INSTRUCTIONS FOR THE TASK – The entries below are to be given back exactly, with images excluded.

"""

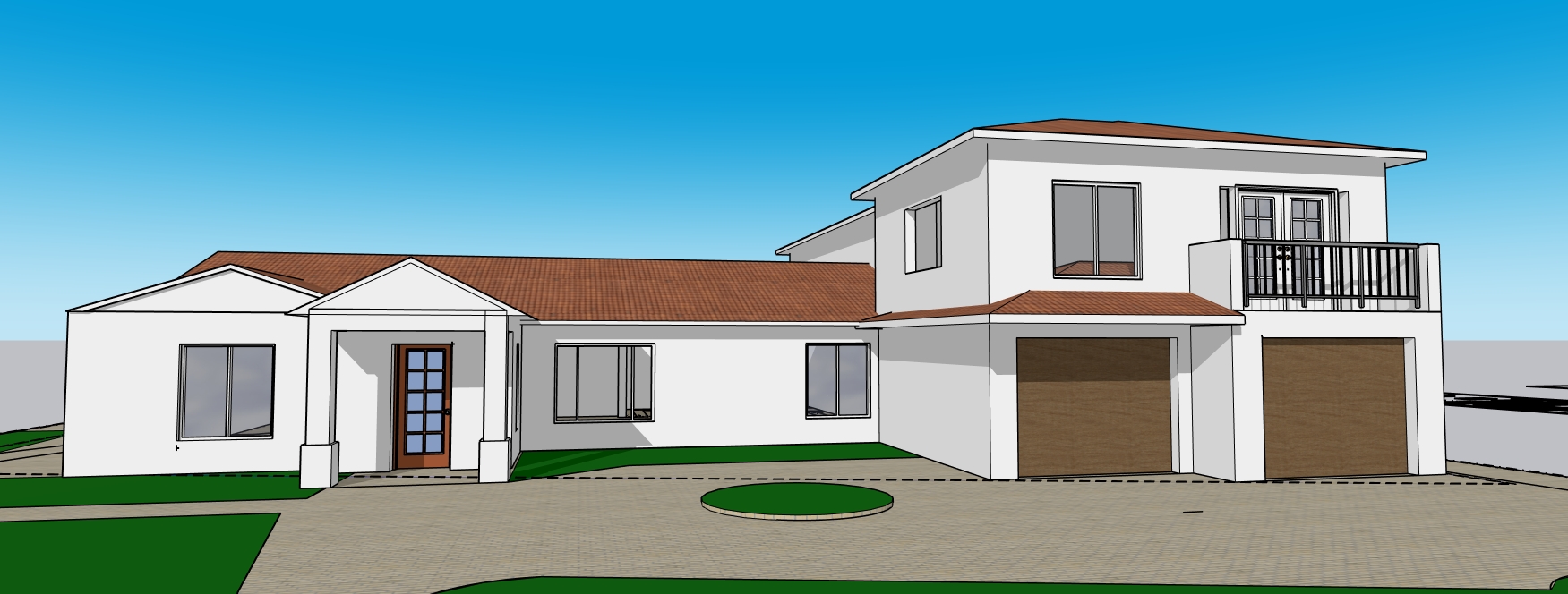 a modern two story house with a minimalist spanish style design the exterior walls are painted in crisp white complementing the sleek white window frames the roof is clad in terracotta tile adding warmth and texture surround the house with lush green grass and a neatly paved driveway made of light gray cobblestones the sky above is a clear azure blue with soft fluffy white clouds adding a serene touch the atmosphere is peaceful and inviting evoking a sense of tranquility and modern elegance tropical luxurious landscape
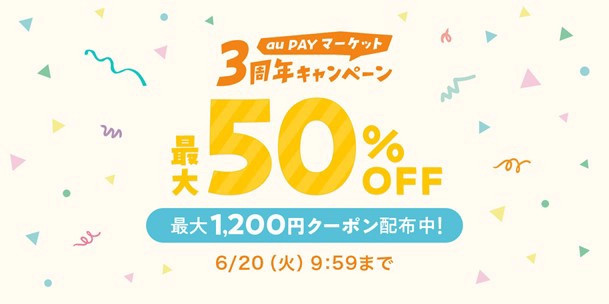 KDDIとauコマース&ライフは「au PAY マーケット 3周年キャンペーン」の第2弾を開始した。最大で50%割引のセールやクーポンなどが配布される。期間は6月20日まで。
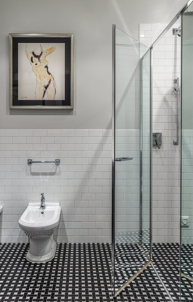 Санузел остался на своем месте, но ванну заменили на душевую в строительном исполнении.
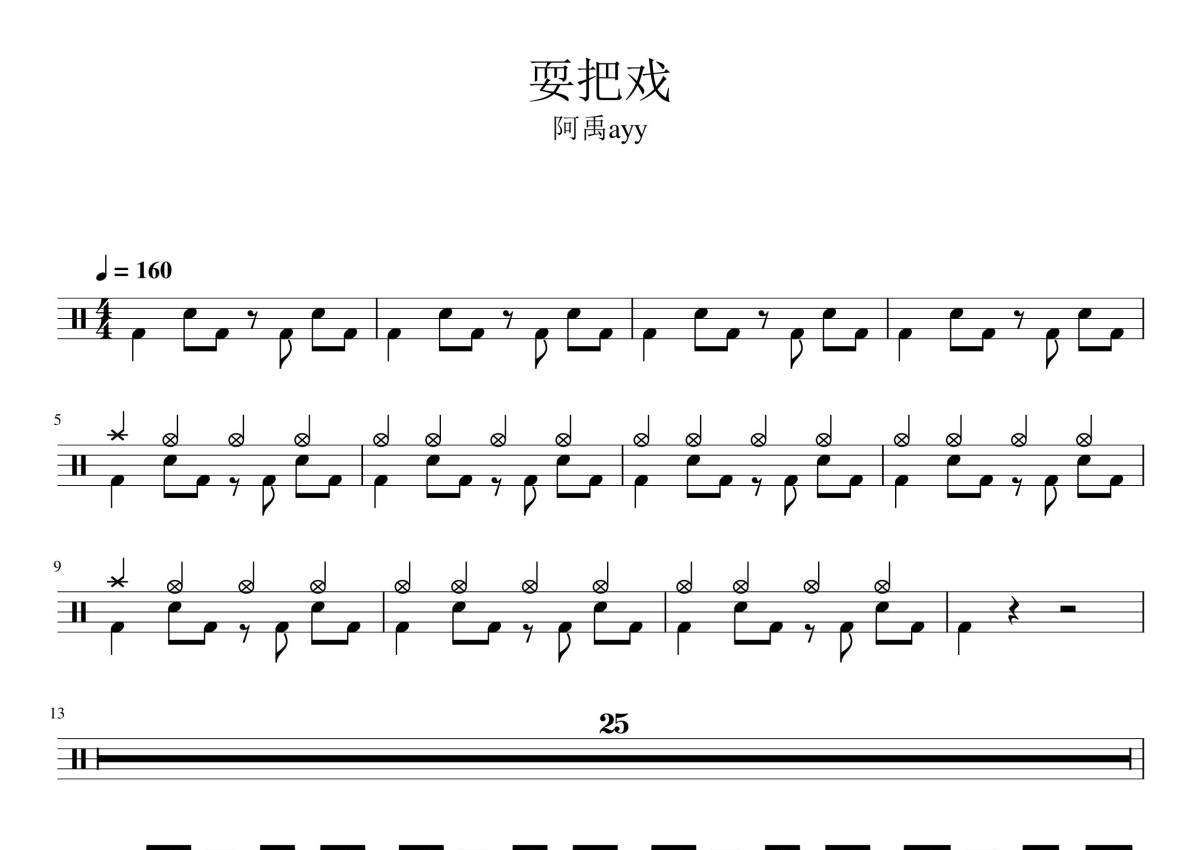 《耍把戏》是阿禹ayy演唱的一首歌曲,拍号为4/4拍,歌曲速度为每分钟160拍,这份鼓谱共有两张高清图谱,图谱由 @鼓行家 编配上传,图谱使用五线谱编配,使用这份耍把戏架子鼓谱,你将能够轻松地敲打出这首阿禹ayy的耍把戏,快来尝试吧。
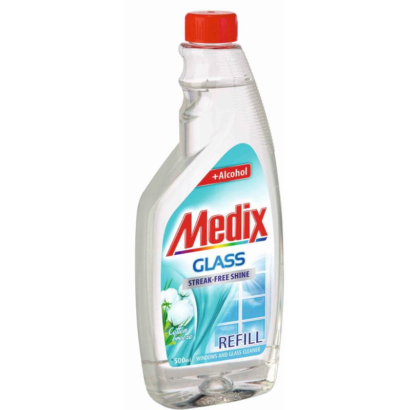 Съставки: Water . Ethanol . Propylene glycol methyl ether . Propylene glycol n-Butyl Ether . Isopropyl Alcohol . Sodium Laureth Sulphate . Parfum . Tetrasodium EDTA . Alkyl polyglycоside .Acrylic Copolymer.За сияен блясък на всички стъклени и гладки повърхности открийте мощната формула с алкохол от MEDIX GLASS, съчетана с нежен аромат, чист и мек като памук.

"""

TASK ANSWER –
 a modern two story house with a minimalist spanish style design the exterior walls are painted in crisp white complementing the sleek white window frames the roof is clad in terracotta tile adding warmth and texture surround the house with lush green grass and a neatly paved driveway made of light gray cobblestones the sky above is a clear azure blue with soft fluffy white clouds adding a serene touch the atmosphere is peaceful and inviting evoking a sense of tranquility and modern elegance tropical luxurious landscape
 KDDIとauコマース&ライフは「au PAY マーケット 3周年キャンペーン」の第2弾を開始した。最大で50%割引のセールやクーポンなどが配布される。期間は6月20日まで。
 Санузел остался на своем месте, но ванну заменили на душевую в строительном исполнении.
 《耍把戏》是阿禹ayy演唱的一首歌曲,拍号为4/4拍,歌曲速度为每分钟160拍,这份鼓谱共有两张高清图谱,图谱由 @鼓行家 编配上传,图谱使用五线谱编配,使用这份耍把戏架子鼓谱,你将能够轻松地敲打出这首阿禹ayy的耍把戏,快来尝试吧。
 Съставки: Water . Ethanol . Propylene glycol methyl ether . Propylene glycol n-Butyl Ether . Isopropyl Alcohol . Sodium Laureth Sulphate . Parfum . Tetrasodium EDTA . Alkyl polyglycоside .Acrylic Copolymer.За сияен блясък на всички стъклени и гладки повърхности открийте мощната формула с алкохол от MEDIX GLASS, съчетана с нежен аромат, чист и мек като памук.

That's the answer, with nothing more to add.